WHAT TO PRODUCE -> Could you write out, exactly, every line from the top of the data through the line holding "Step 3: In your"? Omit the pictures.

ENTRIES SHOWN ->
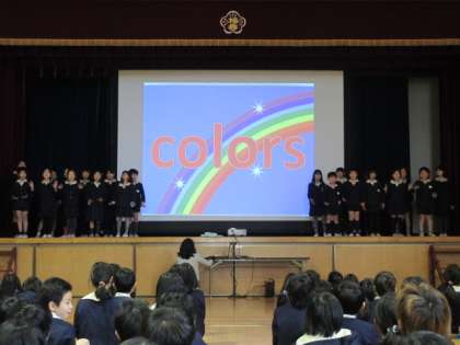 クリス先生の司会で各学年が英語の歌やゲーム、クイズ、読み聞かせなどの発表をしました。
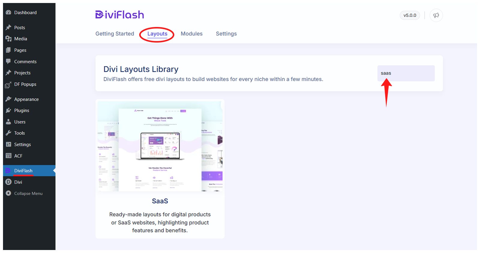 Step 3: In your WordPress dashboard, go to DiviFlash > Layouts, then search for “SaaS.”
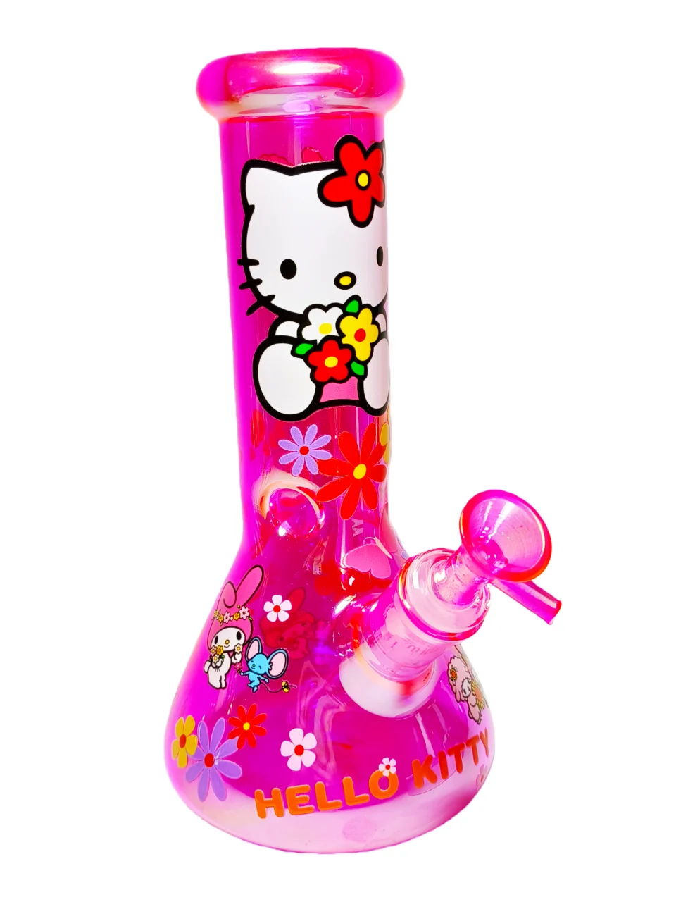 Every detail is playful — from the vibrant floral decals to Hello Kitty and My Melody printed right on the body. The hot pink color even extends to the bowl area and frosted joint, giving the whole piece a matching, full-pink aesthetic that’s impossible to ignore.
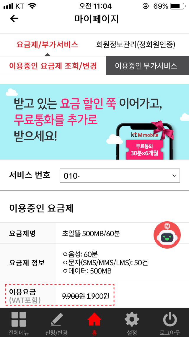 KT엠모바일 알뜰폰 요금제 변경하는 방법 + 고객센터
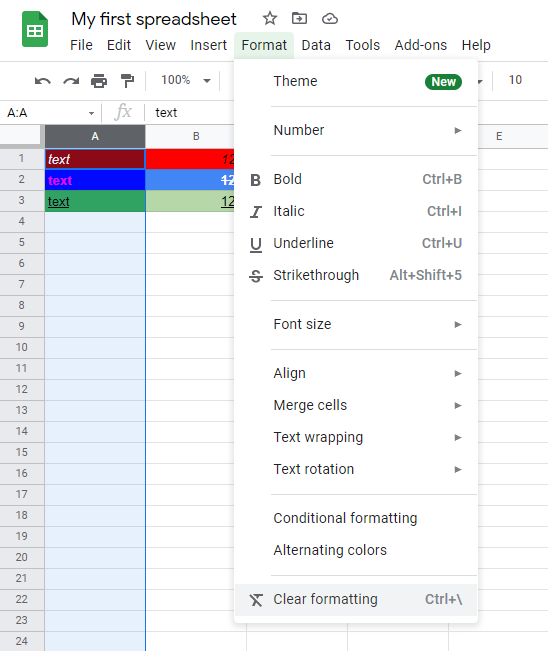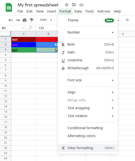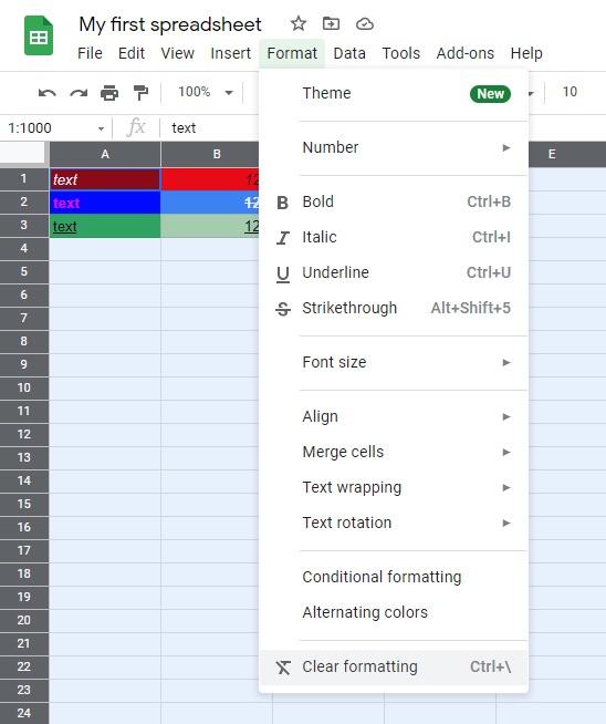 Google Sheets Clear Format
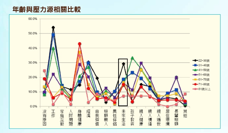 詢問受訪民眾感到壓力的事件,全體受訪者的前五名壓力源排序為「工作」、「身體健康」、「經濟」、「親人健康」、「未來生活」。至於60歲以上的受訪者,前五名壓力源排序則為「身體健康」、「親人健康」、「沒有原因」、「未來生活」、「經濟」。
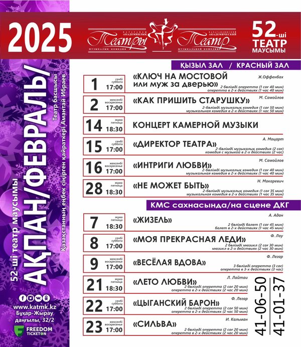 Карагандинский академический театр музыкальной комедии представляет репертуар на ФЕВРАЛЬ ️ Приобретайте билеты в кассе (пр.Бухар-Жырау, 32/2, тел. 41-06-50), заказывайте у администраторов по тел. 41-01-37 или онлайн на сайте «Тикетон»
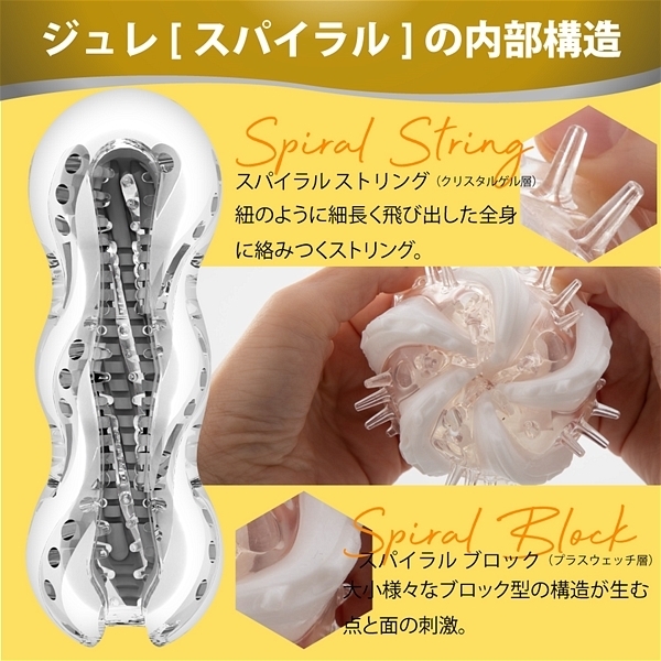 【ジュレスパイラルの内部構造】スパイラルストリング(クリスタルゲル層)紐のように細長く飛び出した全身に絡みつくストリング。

SOLUTION TO THIS TASK ->
 クリス先生の司会で各学年が英語の歌やゲーム、クイズ、読み聞かせなどの発表をしました。
 Step 3: In your WordPress dashboard, go to DiviFlash > Layouts, then search for “SaaS.”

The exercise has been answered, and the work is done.